Author Archives: Luke Nickel
Autumn is ticking away. At the moment I’m working on a Manitoba Arts Council-funded commission for EXAUDI in London. This piece takes as a starting point the vocal utterances of Glenn Gould while he plays his the Goldberg Variations. I am exploring ways of transforming these musical byproducts into beautiful blooms of choral texture.
I am also beginning research on a solo roller-coaster-building performance. I will use No Limits Coaster as an interface to both build roller coasters and create/perform live electronic music. I am excited to finally make something that I can perform myself!
I’ve recently had the pleasure of developing a new piece for two solo performers at the same time. In this project, I worked with Liam Byrne, viola da gamba, and Émilie Girard-Charest, cello. Both performers received the same instructions, but the result is quite different.
Cousins explores the idea of these two instruments as related-but-different—twisted bloodlines, voices behind walls, overgrown forests… that sort of thing.
Liam has premiered his version of the piece in Bristol on October 12 at Glitch, and Émilie will premiere hers in Argentina at the end of the month. Then, in November, we will all get together in Berlin and see if we can make it into a solo. How exciting!
This summer I will be returning to the work of Éliane Radigue for a new article for TEMPO. I will be researching Éliane’s amazing work in the context of other practitioners—both composers and performers—who also work in an orally-transmitted compositional setting. Once again I will focus on interviews with performers to provide the majority of the content of the article. This will be published in Dec. 2019.
Hopefully alongside I will be working with at least one new soloist on a new living score. Word on the street is that I may be collaborating with the fabulous Liam Byrne (viola da gamba) and Émilie Girard-Charest (cello)… rumour has it there may even be a Bristol performance in the pipeline!
I am very pleased to announce that I will be presenting a new piece and paper at TENOR 2019 in Melbourne, Australia. In July 2019 I will be heading to Monash University to work with Decibel New Music Ensemble on a new piece. This will be another impossible roller coaster piece and, for the first time, I’ll be presenting some written research alongside it.

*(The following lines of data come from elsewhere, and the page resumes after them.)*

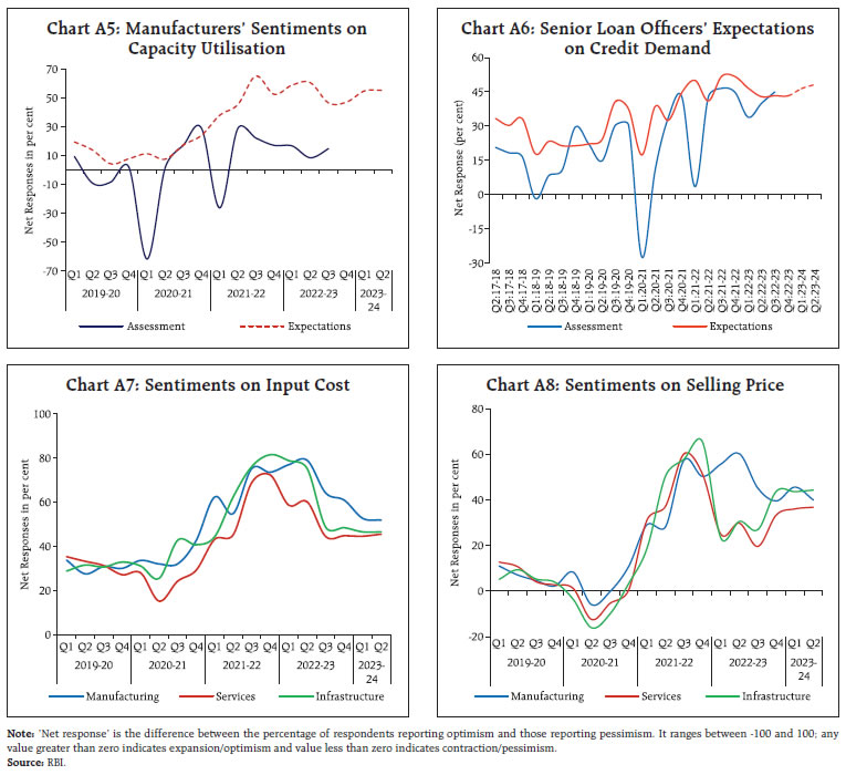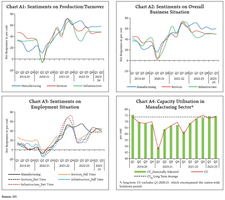 Firms are upbeat on overall business conditions which are expected to sustain expansion through the first half of 2023-24 (Chart A1 and A2). -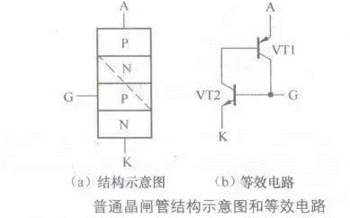 從等效電路中可以看出,普通晶閘管相當(dāng)于兩只三極管進(jìn)行一定方式的連接后的電路。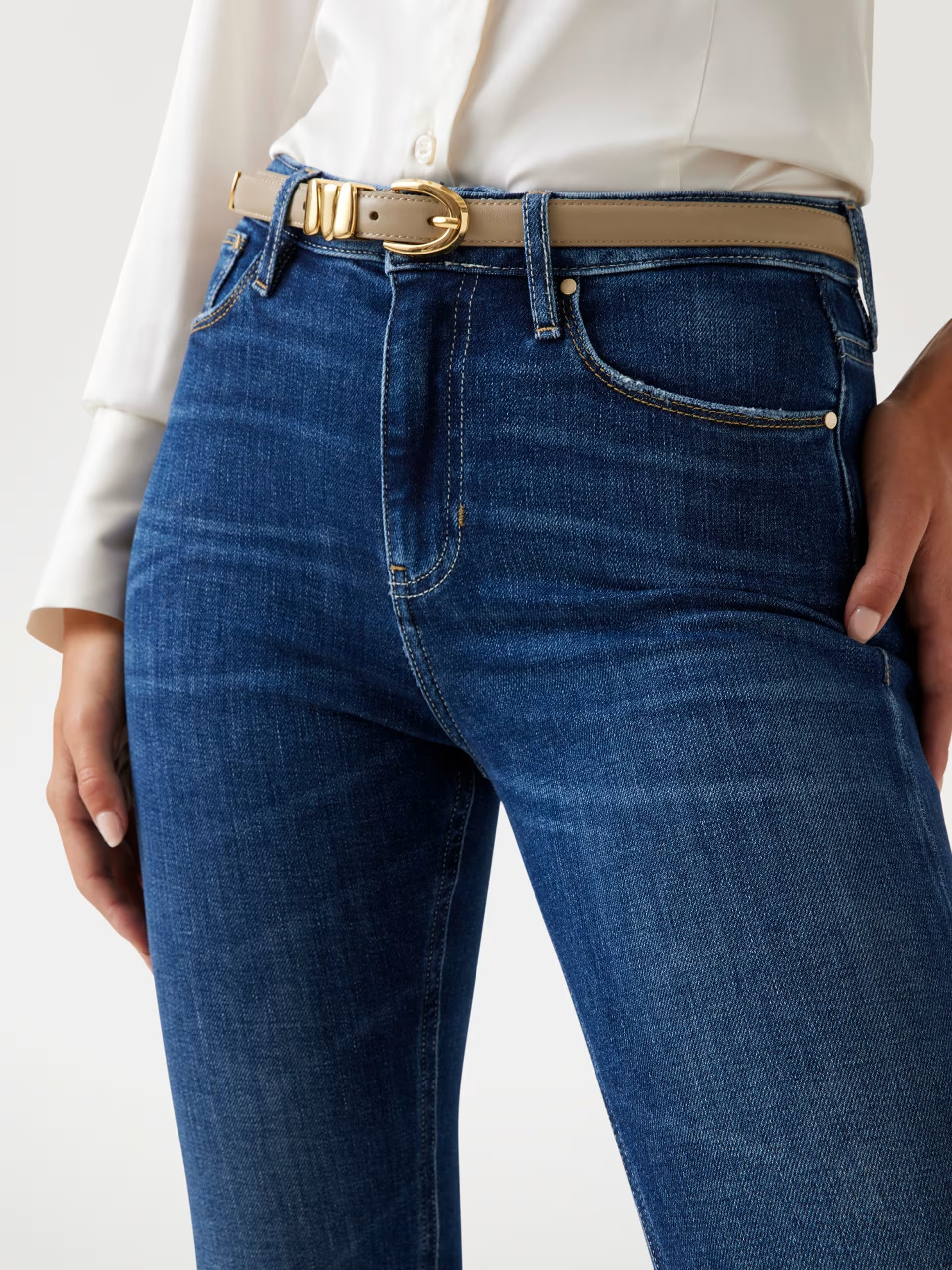 Step into style with these chic jeans that offer both comfort and flair. Made from a stretch cashmere/cotton blend, the high-rise fit with five pockets ensures a perfect silhouette. The stylish flared leg enhances your look. Featuring recycled cotton fibers, perfect for everyday elegance.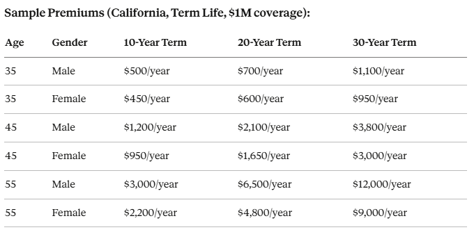 $1M coverage, 45-year-old, $1,500/year premium: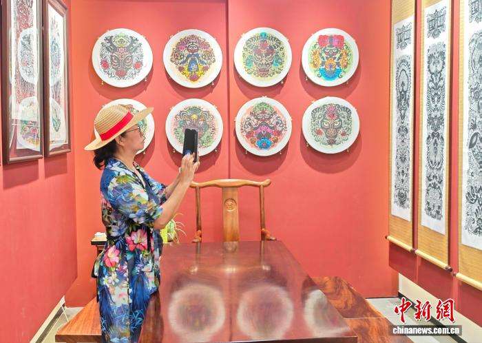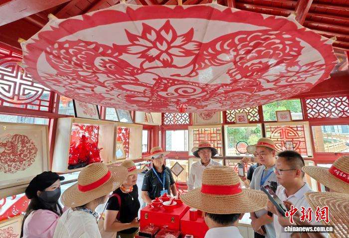 9月16日,海外华文媒体代表在福建省柘荣县靴岭尾村了解剪纸文创品。当日,“把闽东之光传播开去”——海外华文媒体宁德行活动走进福建省柘荣县。柘荣剪纸2009年作为中国剪纸组成部分,被联合国教科文组织列入“人类非物质文化遗产代表作名录”。该技艺以阳剪为主,阴剪为辅,风格鲜明,具有很强的地域个性,既保留了原始艺术淳朴、粗拙、刚健、浑厚的特征,又具有细腻、古雅、秀丽、柔美的艺术魅力。中新社记者吕明摄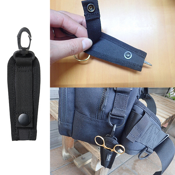 A forceps holder that can be attached to D-rings or belts!! This is a holder for storing forcesps used in light games such as fly fishing and horse mackerel fishing. The main body is designed to hold the forcesps with a wide rubber band, and the tip of the rubber band is missing, so it can accommodate forcesps of various lengths.

In a fantastic turn of events, I’m learning how I can export roller coaster track as CVS files. This means that I can effectively turn a roller coaster into data. This is quite fun, because it means that now I can manipulate numbers (in ways that are much more difficult in the hand-built nature of the editor) and import them back as track.
I’m currently experimenting with algorithmically generating roller coaster track. I guess my goal is to make an even more impossible track… something that defies all expectations. Below are a few examples of some initial attempts at building tracks using data manipulation rather than hand-building techniques.
Check out a recorded livestream of my University of Oxford lecture from November 2018.
I am very lucky to have received funding from the Canada Council for the Arts to continue my research on the intersection of impossible roller coasters and music. This will take the form of two projects. The first will be a work for TAK Ensemble. In this piece, I will create a roller coaster accompaniment to a piece of chamber music. In the second piece, written for Decibel New Music in Melbourne, I will create a video score for the ensemble.
I’m feeling very fortunate to be working on something that is essentially a childhood dream of mine!
I have been featured in Musicworks Issue 132 in a lovely piece written by Heather Roche. In her article, Heather discusses collaborating with me on an orally-transmitted composition entitled A Hushed Workshop. She really gets to the heart of working in a pretty unusual manner. The article also features a few excellent (heavily edited) photos by Sam Walton, as well as a gorgeous recording of the piece care of Simon Reynell (of Another Timbre).
James Saunders, Tim Parkinson, and Michael Duch will be touring a new piece I have created for them, String Trio #1. This piece is pretty similar to my String Quartet #1, except that it is a transcription of a piano, violin, and double bass trio (not exactly a string trio… but I like the continuity in names). Parkinson/Saunders/Duch will play the piece in a few different places. If you’re in Norway, be sure to check it out!